Decir a los discípulos que no porten otro bagaje que el propio de Jesús lleva a recordar cómo respondió al escriba que le dijo: «Maestro te seguiré a donde quiera que vayas», pero Jesús le dijo: «Las zorras tienen madrigueras, y las aves del cielo nidos; pero el Hijo del hombre no tiene dónde reclinar la cabeza» (Mt 10,20). En consecuencia, la vida del discípulo como la de Jesús está puesta en manos de la providencia de Dios, y el discípulo ha de confiar en la provisión que Dios facilitará quienes tienen fe en su misión. Ser asociado a la predicación de Jesús es ser llamado a una vocación de exigente radicalidad, pues los discípulos no dejarán de anotar que pueden experimentar la dureza del rechazo de la predicación y que aquellos que se nieguen a recibir el mensaje del reino que los discípulos anuncian, ni siquiera recibirán la paz que ellos pueden darle. Los que rechazan la predicación se habrán cerrado al don de la paz que trae consigo el anuncio del reino, porque la paz es ya el inicio de la salvación que no quieren recibir.
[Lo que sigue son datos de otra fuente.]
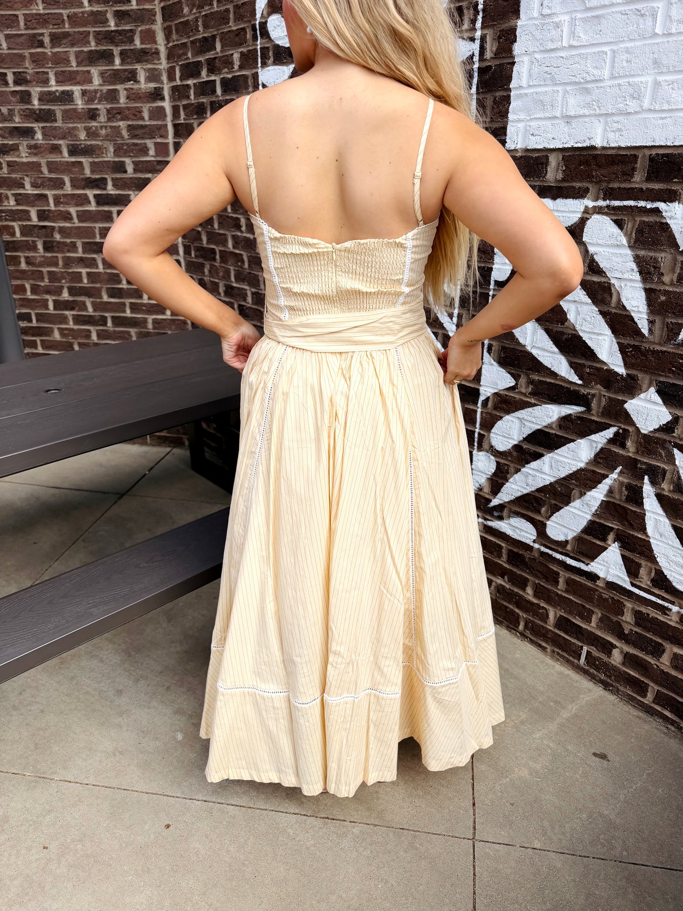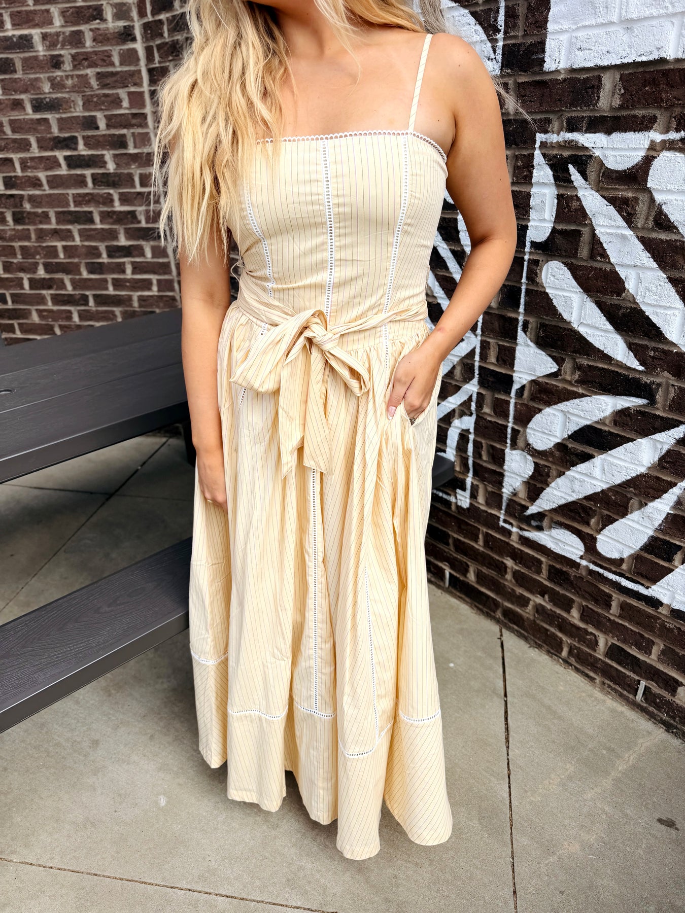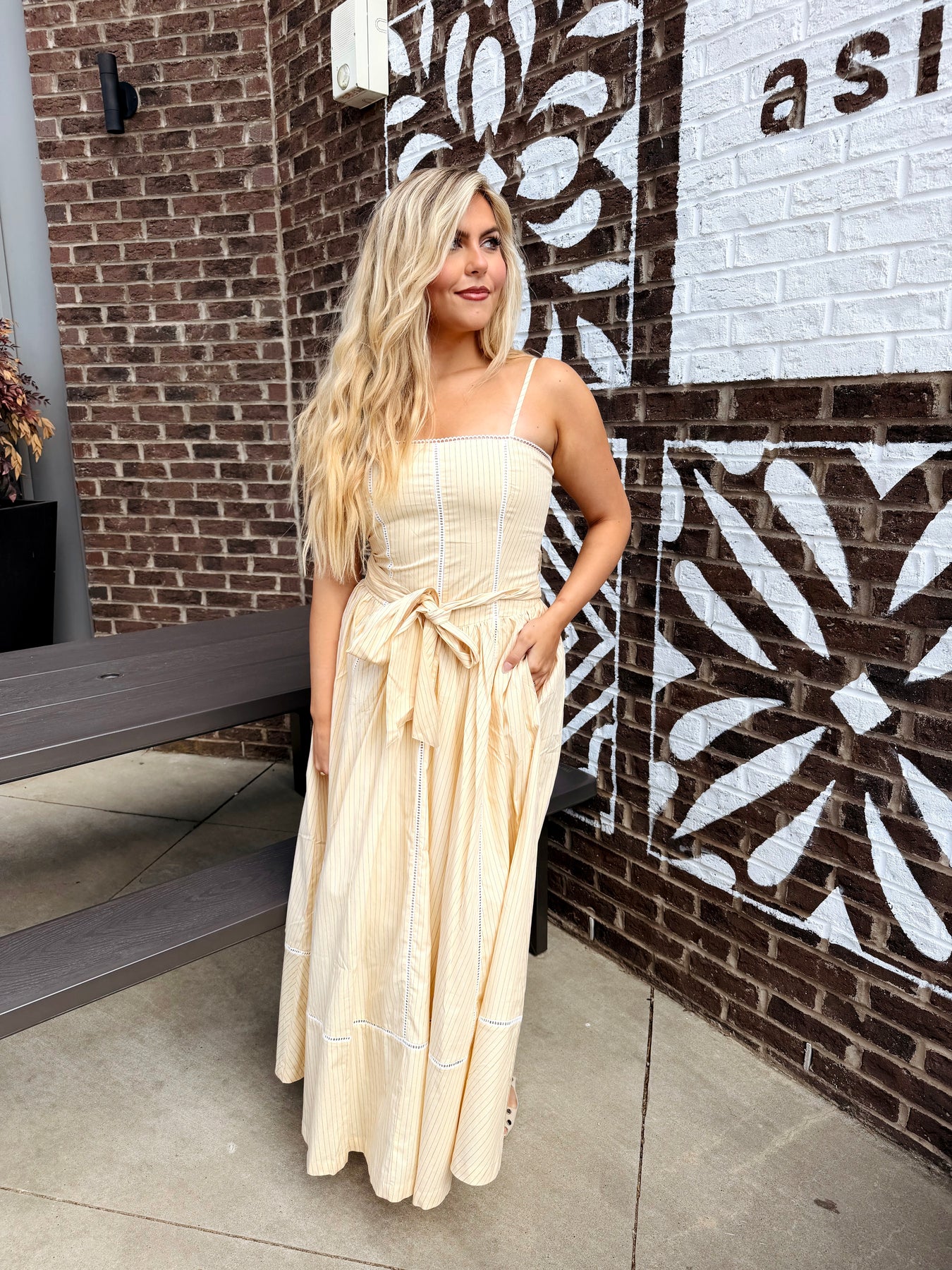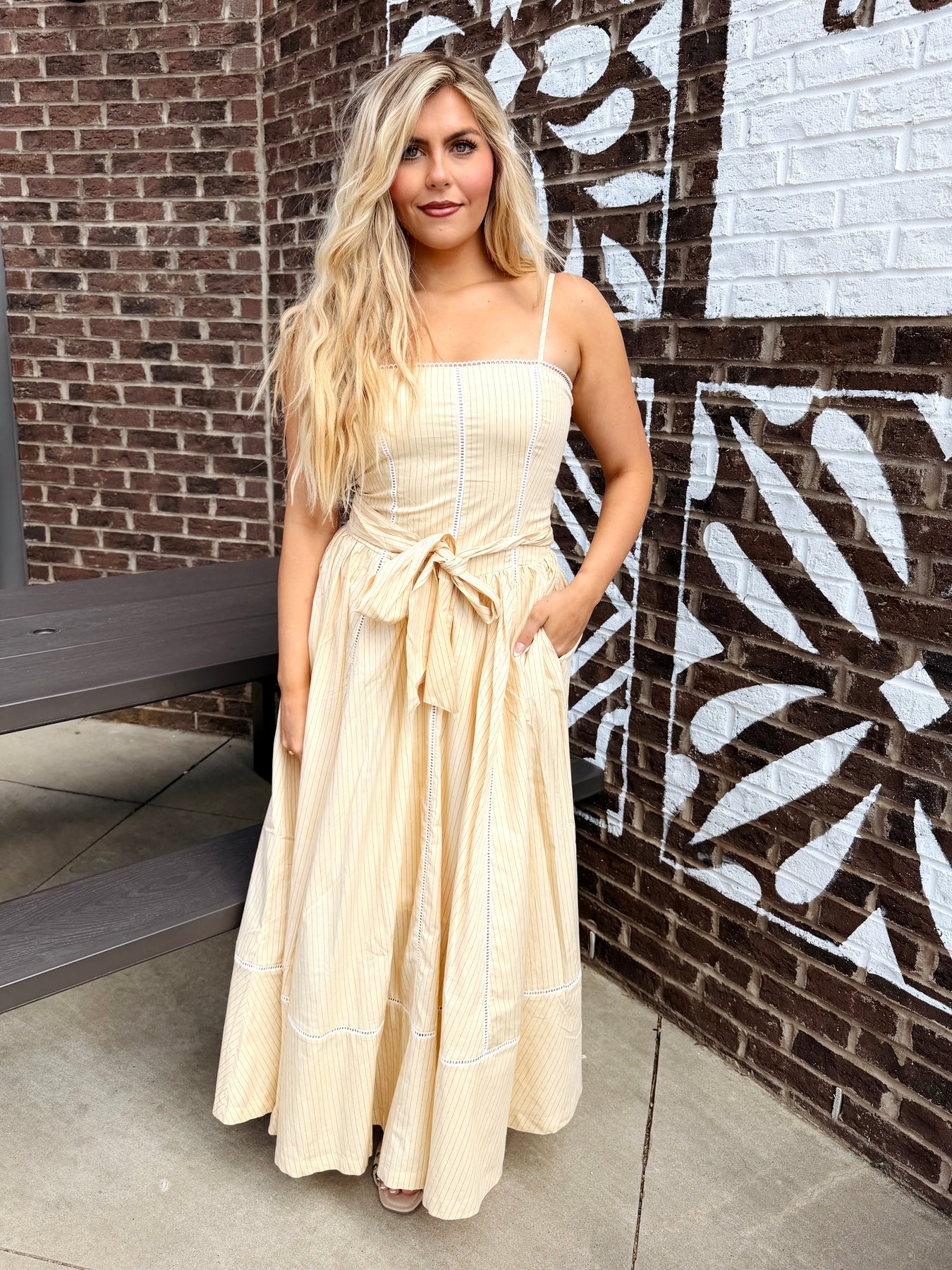 Elevate your spring wardrobe with the Emma Dress, a stunning pale yellow maxi that captures effortless elegance. Delicate lace detailing adds subtle sophistication, while adjustable straps ensure the perfect fit. The tie waist defines your silhouette, and the smocked back provides all-day comfort without compromising style. Ideal for Easter celebrations, garden parties, or any occasion calling for understated glamour.
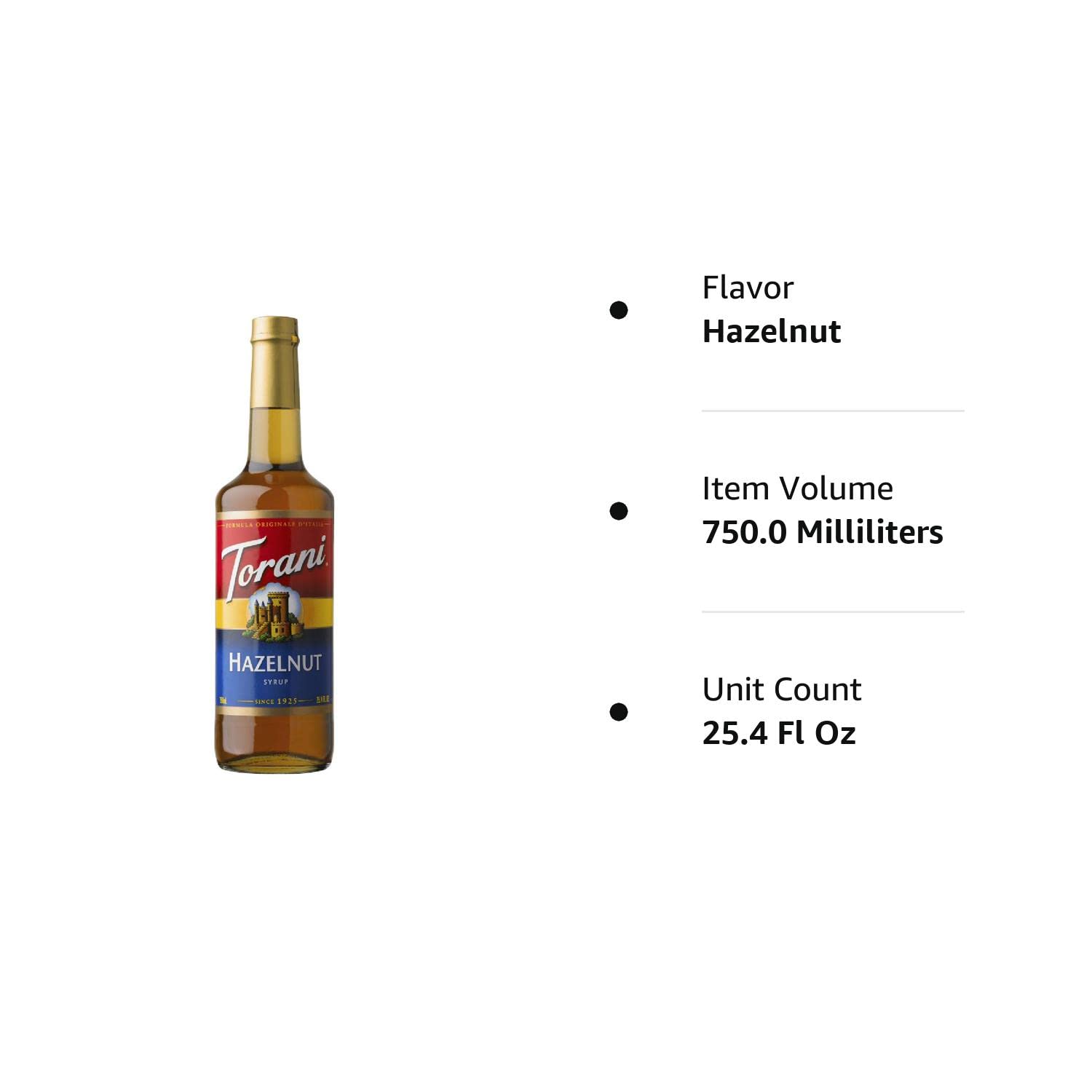 Package contains 1 Torani Hazelnut Syrup Bottle, 25.4 Fl oz (750 mL). Ahh, the hazelnut. The Italians have explored its virtues since time immemorial. And why not? Toasty and sweet, the hazelnut has made legends out of cakes and pastries. It'll do the same for your drinks. Add a splash and revel in its creamy goodness.

¿De qué paz se trata? La paz que da Jesús y de la cual los discípulos han de ser portadores no es sólo la ausencia de conflictos, resultado de un pacto o consenso a conveniencia de las partes, sino el don escatológico prometido por los profetas; es decir, el don previsto por Dios para los tiempos últimos. Este don es el resultado de la ausencia de pecado y de la victoria sobre el Maligno. Para comprender mejor el concepto de paz que está en juego en el evangelio de hoy, hemos de traer a la memoria el discurso de despedida de Jesús en la última cena. Jesús no sólo desea la paz a sus discípulos en aquella ocasión decisiva de la despedida, sino que les entrega la paz (cf. Jn 14,27).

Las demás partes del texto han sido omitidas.